The changes below will be required in a future version of Scrapy. We encourage you to apply any change that is applicable to your version of Scrapy.

Applicable since 1.4.0

Applicable since 1.3.0

  • ChunkedTransferMiddleware is removed, chunked transfers are supported by default.

Applicable since 1.1.0

  • scrapy.utils.python.isbinarytext is removed.
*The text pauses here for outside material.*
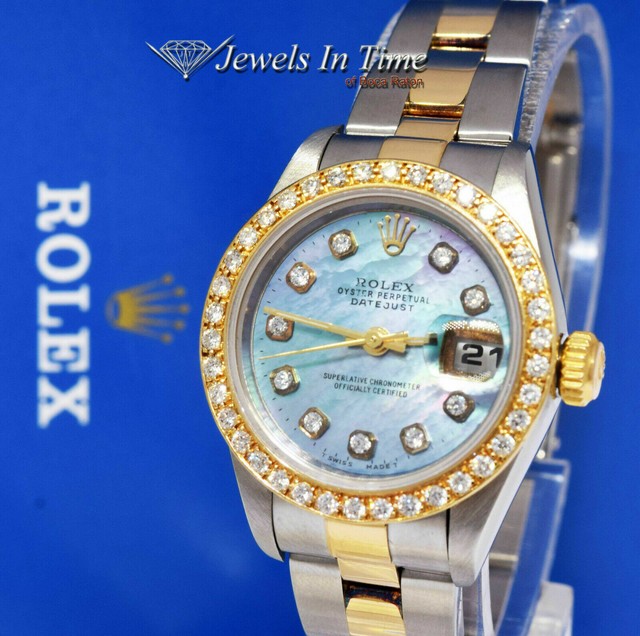 Rolex Damen Datejust 18k Gelbgold Saphir Diamant Quickset Uhr Gunstig Kaufen Ebay

Use scrapy.utils.python.binary_is_text instead, but mind that it returns the inverse value (isbinarytext() == not binary_is_text()).
  • In scrapy.utils.datatypes, the MultiValueDictKeyError exception and classes MultiValueDict and SiteNode are removed.
  • The previously bundled scrapy.xlib.pydispatch library is replaced by pydispatcher.

Applicable since 1.0.0

  • The following classes are removed in favor of LinkExtractor:

    scrapy.linkextractors.htmlparser.HtmlParserLinkExtractor
    scrapy.contrib.linkextractors.sgml.BaseSgmlLinkExtractor
    scrapy.contrib.linkextractors.sgml.SgmlLinkExtractor
    
  • The scrapy.crawler.Crawler.spiders is removed, use CrawlerRunner.spider_loader or instantiate SpiderLoader with your settings.

1.7.0

  • 429 is part of the RETRY_HTTP_CODES setting by default.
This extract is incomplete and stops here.